私は、小林よしのり先生が、AKBの大ファンであることを批判しているのではありません。小林先生は過去に、「若い女の子よりも演歌歌手とか薄化粧の中年女性の素朴な性にチンピク無限大」とか言っていたので、年とともに趣向が変わったのだろうな、という印象しか有りません。

問題なのは、なぜ先生は徹底的に人を馬鹿にするのか、ということです。ネトウヨという人が仮にいるとします。いるとしても、ここまで徹底的に、剥き出しの憎悪を向ける小林先生の心情とは一体何であるか。
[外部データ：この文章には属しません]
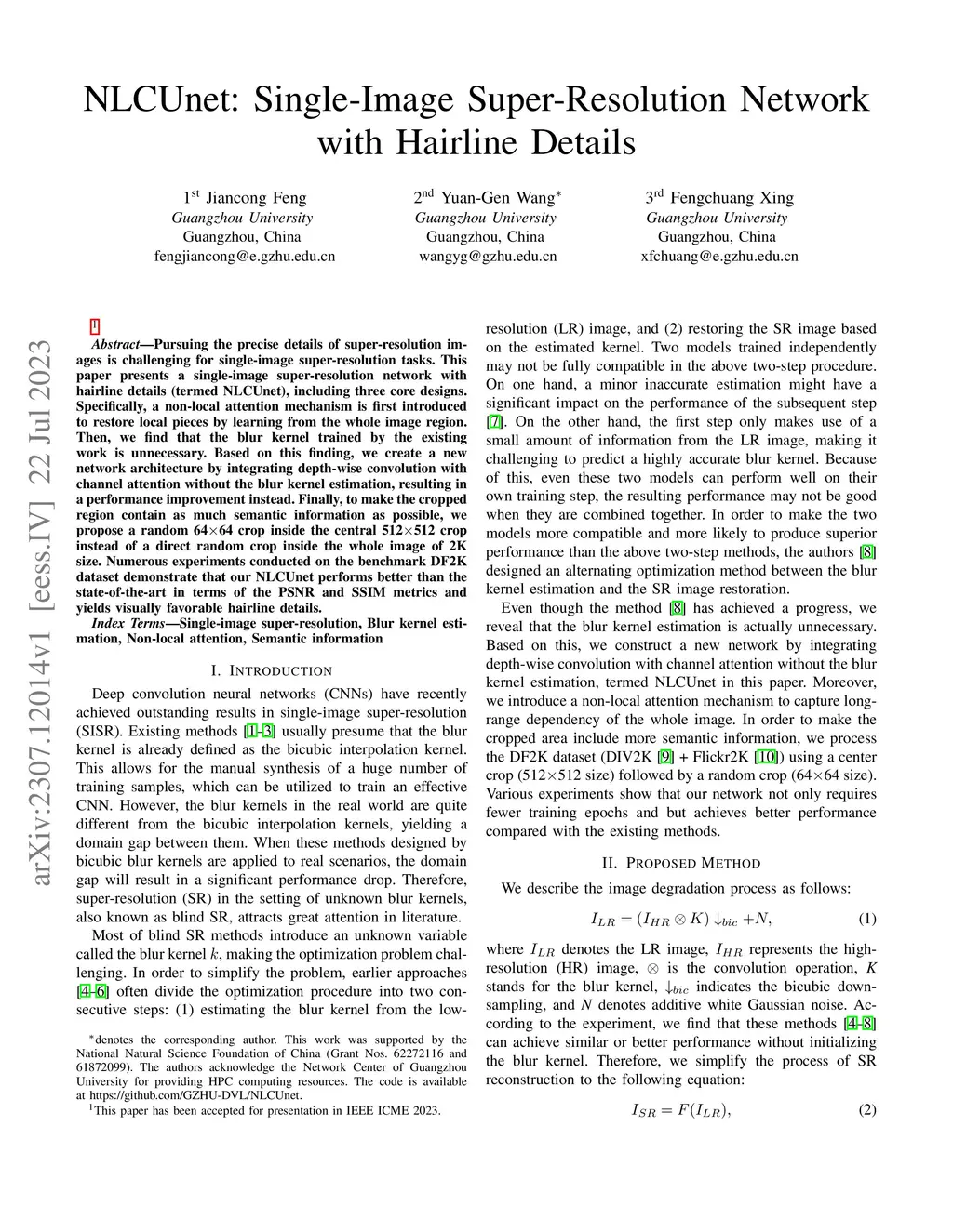 NLCUnet: Single-Image Super-Resolution Network with Hairline Details
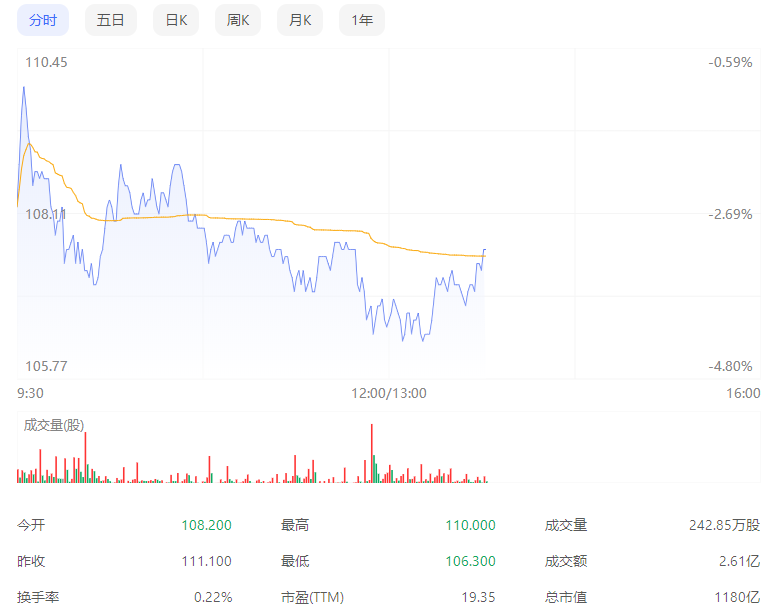 今日走势分析:舜宇光学(02382)午后再跌超4%,截至发稿,跌3.78%,报106.9港元,成交额2.46亿港元。
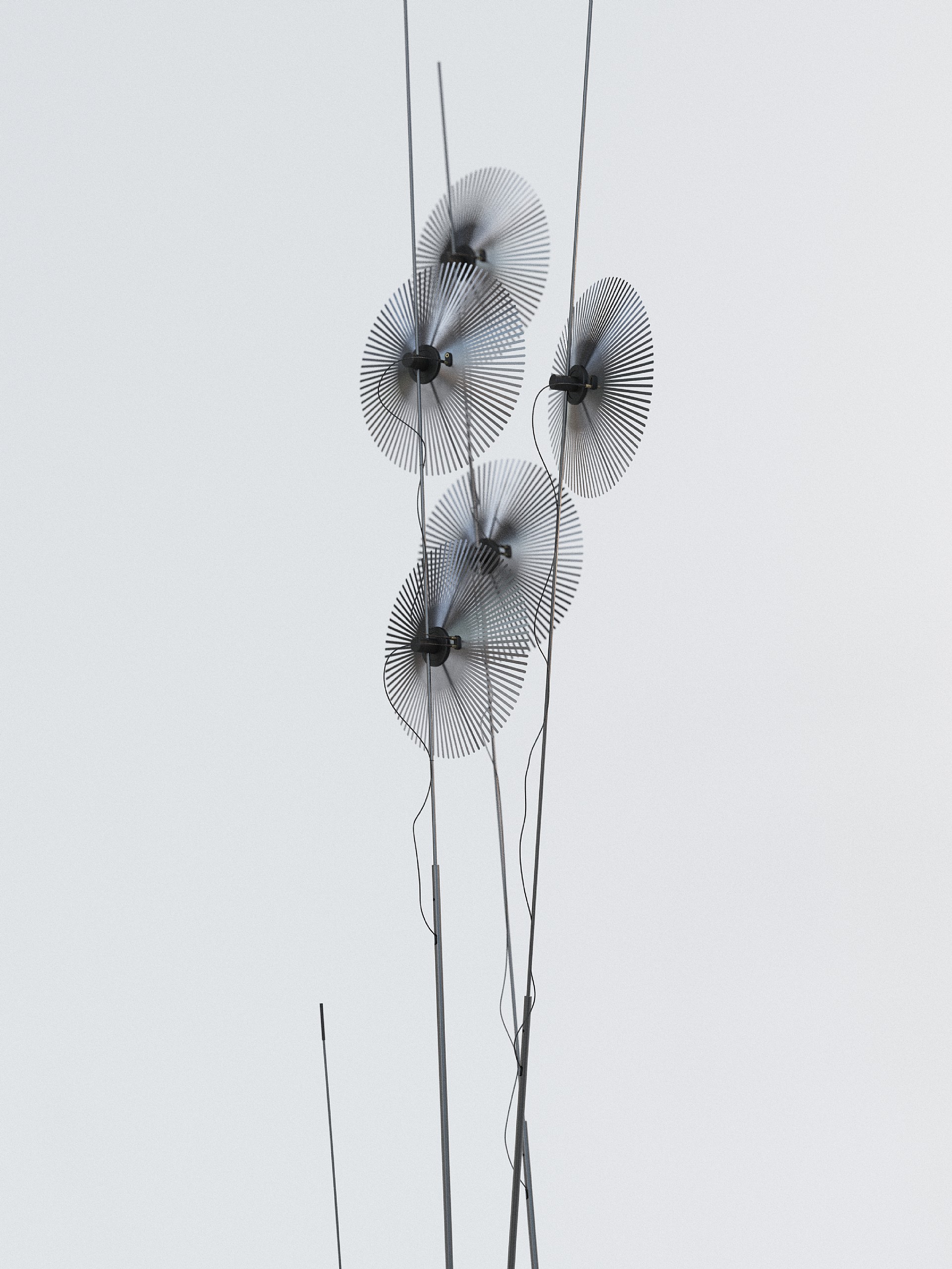 Harper Bloom  落地灯让人联想到湖边的芦苇、蒲公英,也像瞬间绽放的烟花。灯体中的一根空杆同时也是触碰开关:当灯被点亮时,空杆会因自身应力轻轻摇摆,像一只原本停驻的蝴蝶忽然飞走后留下的空意。长按空杆可实现无极调光。微风吹过,整盏灯仿佛有了生命,轻轻摆动,连薄薄的灯罩也会随风微微颤动。
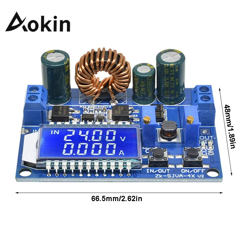 Aokin DC-DC Buck-Boost Converter Module 5.5-30V to 0.5-30V 4A 35W Adjustable Boost-Buck Display Power Module
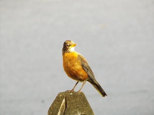Here's a vigilant, chirpy, and very busy robin. I wonder why? Hmmmm...
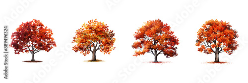 © yLemon, Naklejka premium Autumn tree set cutout. Set of autumn tree on transparent background
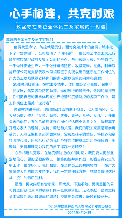 近日,利辛皖能环保公司党支部发出《致坚守在岗位的全体员工及家属的一封信》,以微信消息的形式“寄送”到公司每名员工的手里,传递到每位员工家属的心底,向舍小家顾大家、坚守岗位的员工及背后默默支持的员工家属表示衷心的感谢和问候。
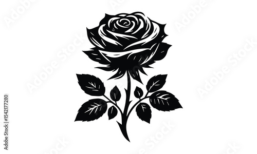 Obraz premium Rose Silhouette, Elegant Rose Silhouette Isolated on White Background
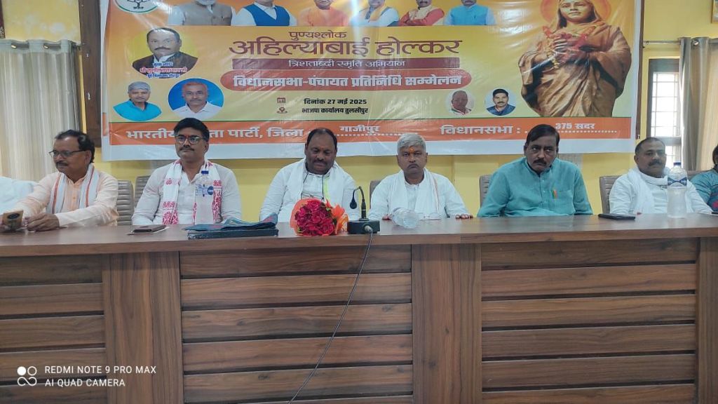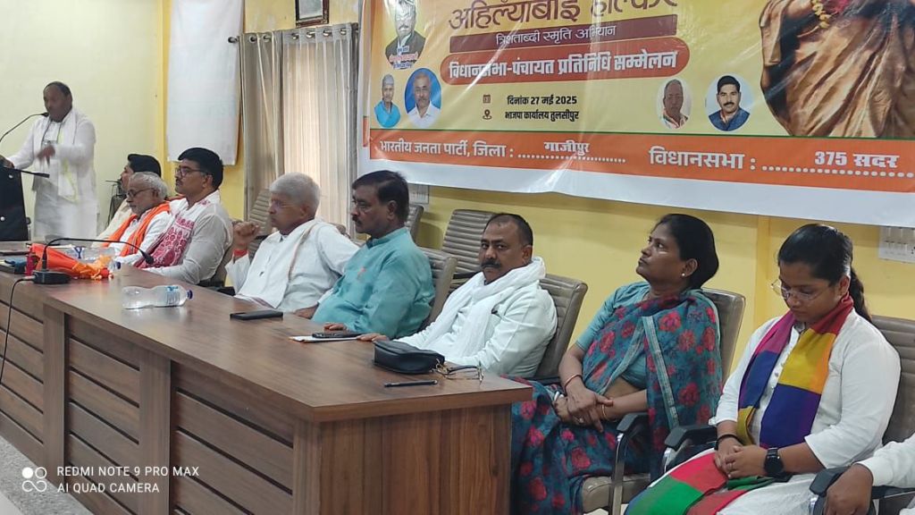 गाजीपुर। अहिल्याबाई होल्कर त्रिशताब्दी स्मृति अभियान अंतर्गत मंगलवार को सदर विधानसभा का जन प्रतिनिधि सम्मेलन भाजपा जिला कार्यालय छावनी लाइन पर जिलाध्यक्ष ओमप्रकाश राय की अध्यक्षता में आयोजित किया गया। सम्मेलन के मुख्य अतिथि जौनपुर जिले के पूर्व जिलाध्यक्ष सुशील उपाध्याय ने कहा कि अहिल्याबाई होल्कर ने अपने शासनकाल में सोच से परे, सामर्थ्य से ज्यादा काम किया है। उनके शासन व्यवस्था में बदलाव, सुधार,सृजन, निर्माण, परिवर्तन सहित सभी क्षेत्रों में अद्वितीय क्षमता से कार्य कराए गए है। उन्होंने कहा कि समावेशी शक्ति की प्रतीक अहिल्याबाई होल्कर ने नारी सशक्तिकरण, विधवा महिलाओं के अधिकार, महिला सेना का गठन कर उन्हें सशस्त्र प्रशिक्षण देकर युद्ध विद्य से मजबूत बनाया। उन्होंने कहा कि अहिल्याबाई होलकर सनातन धर्म की संरक्षिका थी उनका जीवन अध्यात्मिकता, धर्म -कर्म और सुशासन का अनुपम संगम था।
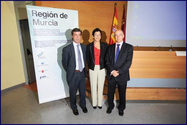Entre los encargados de presidir el acto, se encontraban, además del secretario general de la Consejería de Empresa, la directora general de Transferencia de Tecnología y Desarrollo Empresarial del Ministerio, Margarita Segarra, y el director general de Universidades y Política Científica, Eduardo Osuna, que presentó el Plan de Ciencia, Tecnología e Innovación de la Región de Murcia.
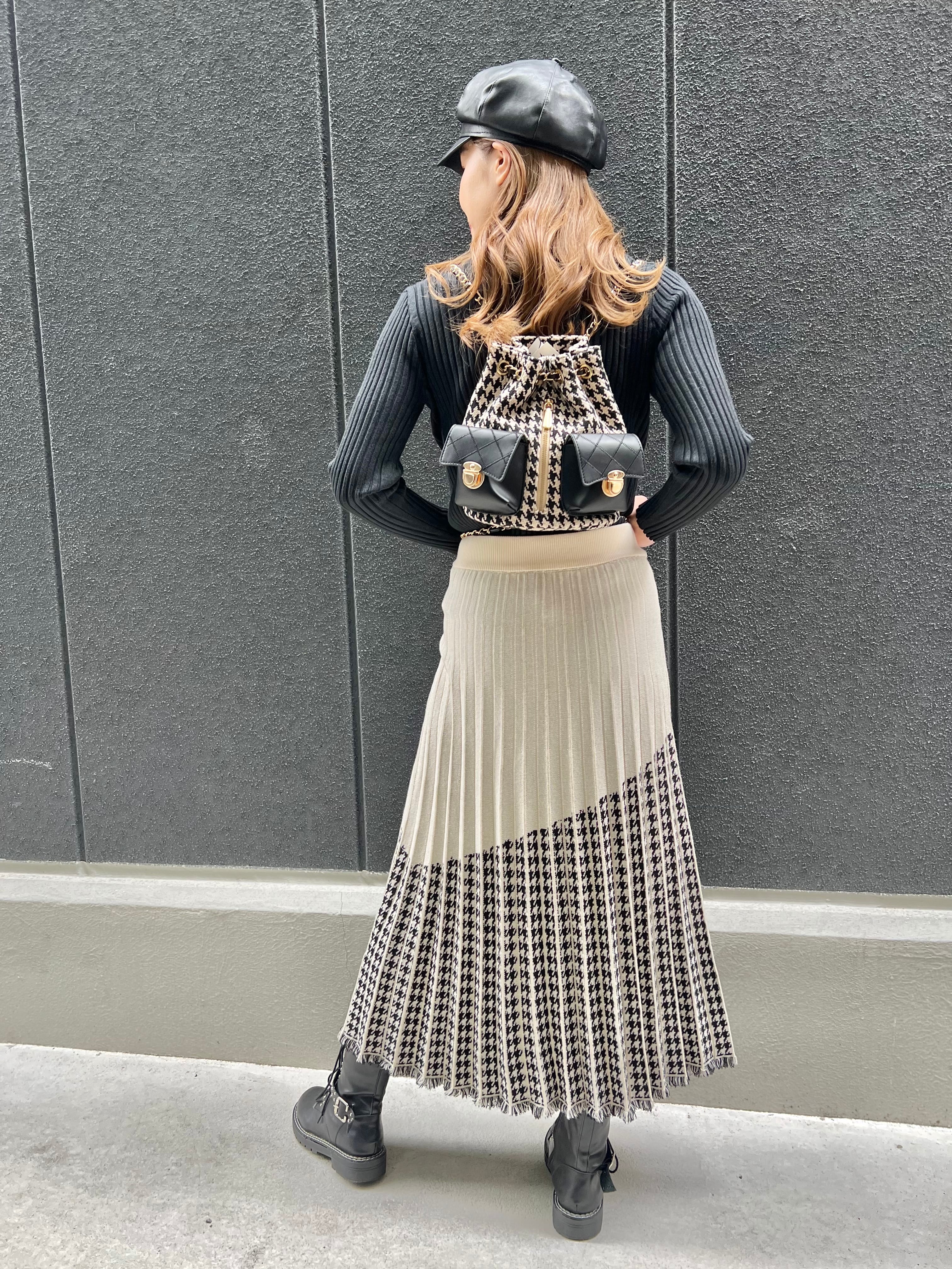 houndstooth pattern change pleats knit skirt スカート ニット ニットスカート プリーツ 千鳥格子

フジテレビデモに集まった大衆を、「無職、低所得、ニートの吹き溜まりがデモをしている」と言った時もそう思いましたが、馬鹿にするならするで、普通ここまで、心底からの敵愾心を吐露したりするのは一寸異常です。

それはつまりこういうことなのではないですか。上記の小林先生のブログ記事の「在日」の部分を「ネトウヨ」に置き換えてみるとよくわかります。

それはかつてのオウム真理教の信者とよく似た選民意識だが、正確にはもっと弱い自己を隠すためにネトウヨ陰謀論」をカルト信仰にして、排外的な攻撃性をむき出しにしている。

まさに「ネトウヨ」という人々に向けられる人々への蔑視と敵愾心は、先生自身の選民意識と劣等感そのものと表裏一体なのではないか。一読者としてそう思わざるを得ない。

昔の先生は人を見下すということ、特に読者を見下すということをしなかった。手塚治虫先生も「読者を馬鹿にしてはならない」といっています。それは兎も角、昔の小林先生は、読者を馬鹿にするのではなく、自分を馬鹿にしていた。そうして自分を道化の一種として客観視することにより、自分を相対化させていた。それがゴーマニズム宣言最大の魅力であって、ゴーマニズム宣言が思想評論漫画でありながら、と同時にギャグ漫画としても何より秀逸であったことの証です。先生はそれを無自覚的かわからないがやっていたが、いまはそれがない。漫画としてもう無価値だと思います。

繰り返しますが、私は小林よしのり先生がAKBオタになったから批判しているのではありません。ちなみにこのAKBの件についてですが、最後に私が尊敬する村上龍先生の『桜の下には瓦礫が埋まっている。』から文章を引用して終わります。


======引用開始======
多くの若い男たちがAKB48によって生きる希望を得て、自殺を考えなおし、通り魔でもやってやろうとした気持ちを和ませて、日本社会の治安にも貢献し、握手会参加券を買うために一生懸命アルバイトに励むことで日本経済の下支えになっているのかもしれない。

だが、違和感はある。多くの若い男達が騙されているような気もする。AKB48がアートとは無縁のまがいものであるとかそういった意味ではない。

現状を批判したり否定したりしないように、つまり多くの若い男達のエネルギーや怒りを削ぐ機能を、「結果的に」AKB48は果たしているのではないかと思う。怒りを忘れたアホになるように仕向けられている気がする。